There was only one instance of dose-limiting toxicity, with that patient experiencing a grade 3 treatment related adverse event (TRAE) of hypotension at a dose of 5×109 CFU. Across all doses, eight of nine patients experienced a grade 1-2 TRAE, including chills, nausea and hypotension.

The poster on the phase 1 data, "High-dose treatment with ADXS11-001, a Listeria monocytogenes-listeriolysin O (Lm-LLO) immunotherapy, in women with cervical cancer: a phase I, dose-escalation study" (no. 58) is available at www.advaxis.com. The company is preparing to initiate a phase 3 trial in PRmCC later this year.

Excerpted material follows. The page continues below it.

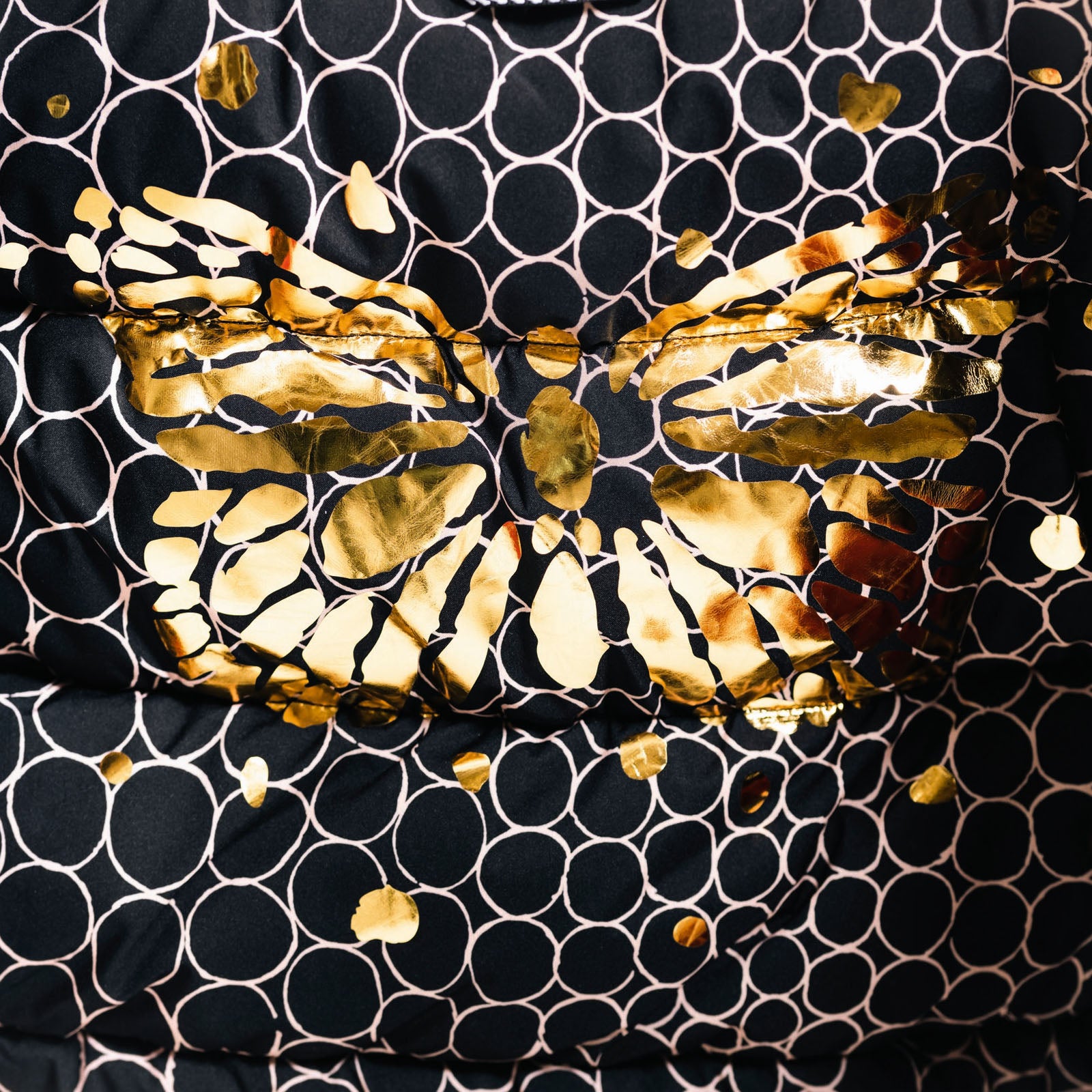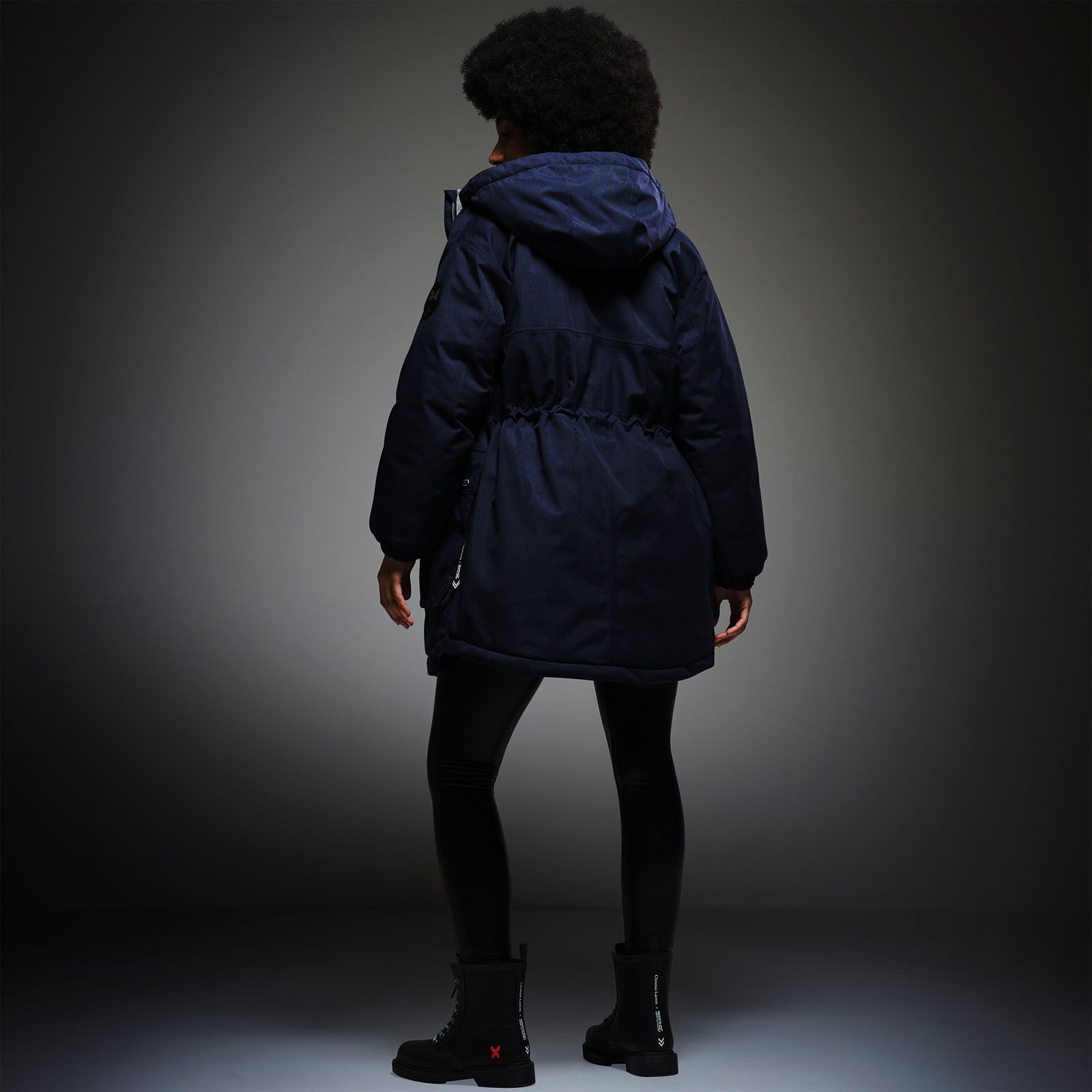 • With balloon sleeves, baffled lining panels, inner adjustable chevron shoulder straps, grown on hood and pockets.

About Axalimogene Filolisbac

Axalimogene filolisbac is a targeted Listeria monocytogenes (Lm)-based immunotherapy that attacks HPV-associated cancers by altering a live strain of Lm bacteria to generate cancer-fighting T cells against cancer antigens while neutralizing the tumor’s natural protections that guard the tumor microenvironment from immunologic attack. In a phase 2 trial evaluating axalimogene filolisbac for the treatment of persistent or recurrent metastatic (squamous or non-squamous cell) carcinoma of the cervix (PRmCC), the drug candidate showed a 12-month overall survival rate of 38 percent observed in 50 patients in the trial. This is a 52 percent improvement over the 12-month overall survival rate that was expected in the trial’s patient population based on prognostic factors.

Axalimogene filolisbac has received Fast Track designation for adjuvant therapy for high-risk locally advanced cervical cancer (HRLACC) and a Special Protocol Assessment for the Phase 3 AIM2CERV trial in HRLACC patients. The immunotherapy has also received orphan drug designation in three clinical indications.